"For here have we no continuing city, but we seek one to come." Hebrews 13:14
The true believer in Jesus is a traveler. He is journeying to a city of habitation, to the mount of God–and, blessed be God, he will soon be there! The apostle Peter dedicates his pastoral letter to the "strangers scattered" abroad–the people of God dispersed over the face of the earth. Such is the Church of Christ. It is sometimes incorrectly called "the visible Church." The idea is unscriptural. Visible churches there may be, but a visible Church there is none. The saints of God are "strangers and pilgrims" scattered abroad. Here on earth they have no permanent abode, no certain resting-place. The Church is in the wilderness, journeying through it. The present is called the "time of our sojourning." We are but wayfarers at an inn, abiding only for a night. "Here we have no continuing city." We are strangers and sojourners, as all our fathers were. But this, beloved, is the reconciling, animating thought–we are journeying to the dwelling of God. We are on our way to the good land which the Lord our God has promised us; to the kingdom and the mansion which Jesus has gone to take possession of and to prepare for us. In a word–and this image is the climax of the blissful prospect–we are hastening to our "Father's house," the home of the whole family in heaven and in earth, the residence of Christ, the dwelling-place of God.

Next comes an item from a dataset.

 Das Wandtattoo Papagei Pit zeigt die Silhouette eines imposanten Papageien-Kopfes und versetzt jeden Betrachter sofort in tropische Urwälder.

To this each believer in Jesus is journeying. The road is difficult, the desert is tedious–sometimes perilous from its smoothness, or painful from it roughness; its difficultness now wearying, its intricacy now embarrassing. But who will complain of the path that conducts him to his home? Who would yield to the sensation of fatigue, who is journeying to an eternal rest? Much of the disquietude and repining of spirit peculiar to the pilgrimage of the saints arises from the faint conceptions which the mind forms of the coming glory. We think too faintly and too seldom of heaven. The eye is bent downwards, and seldom do we "lift up our heads" in prospect of the "redemption that draws near."

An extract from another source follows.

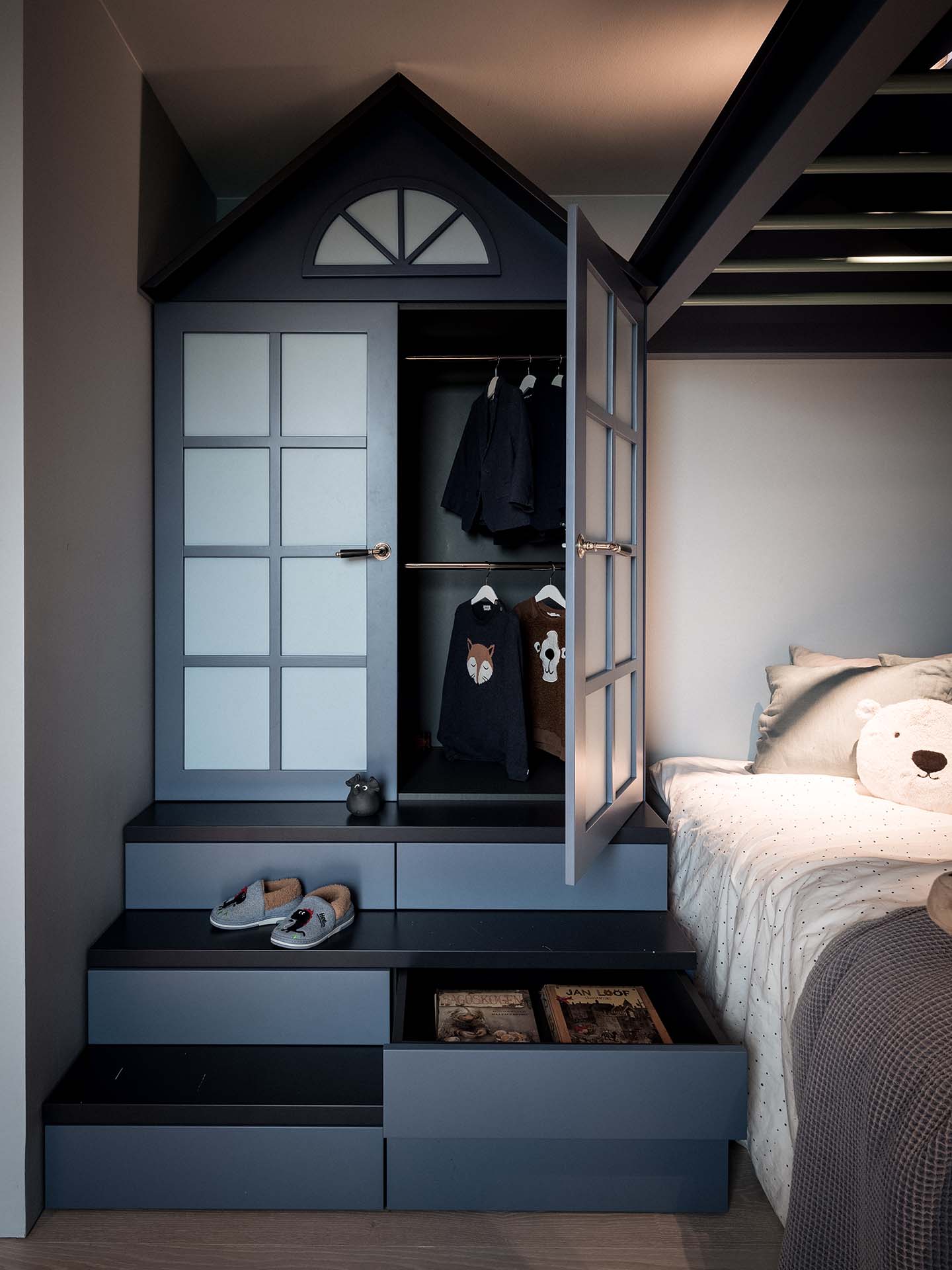 There is plenty of storage of various kinds and some of the drawers you have to look extra hard to see them. There are drawers on each step and they open with push-to-open to prevent the children from tripping or hurting themselves on any knobs or handles. The wardrobe, on the other hand, has a real door handle to reinforce the feeling that it is a house.

And yet how much there is in the thought of glory, in the anticipation of heaven–its nature and associations–calculated to stimulate, to cheer, and to allure us onwards! It is the place where we shall be sinless; it is the residence where we shall see God; it is the mansion where we shall be housed with Christ; it is the home where we shall dwell with all the saints; it is the point at which are collecting all the holy of earth, some of whom have already left our embrace for its holier and happier regions, and whom we shall meet again. Why, then, should we be cast down because of the difficulty of the way, or for one moment lose sight of the glory that awaits us, or cease to strive for the fitness essential to its enjoyment? In a little while–oh, how short the journey!–and we shall be there. Then we shall realize, to their fullest extent, the beauty and the sweetness of the description so often read and pondered with tears of hope– "You have come to Mount Zion, to the city of the living God, the heavenly Jerusalem, and to thousands of angels in joyful assembly. You have come to the assembly of God's firstborn children, whose names are written in heaven. You have come to God himself, who is the judge of all people. And you have come to the spirits of the redeemed in heaven who have now been made perfect. You have come to Jesus, the one who mediates the new covenant between God and people, and to the sprinkled blood, which graciously forgives instead of crying out for vengeance as the blood of Abel did." O my soul! will you not stretch every nerve, endure every privation, and relinquish every weight, thus to reach this glorious city of God?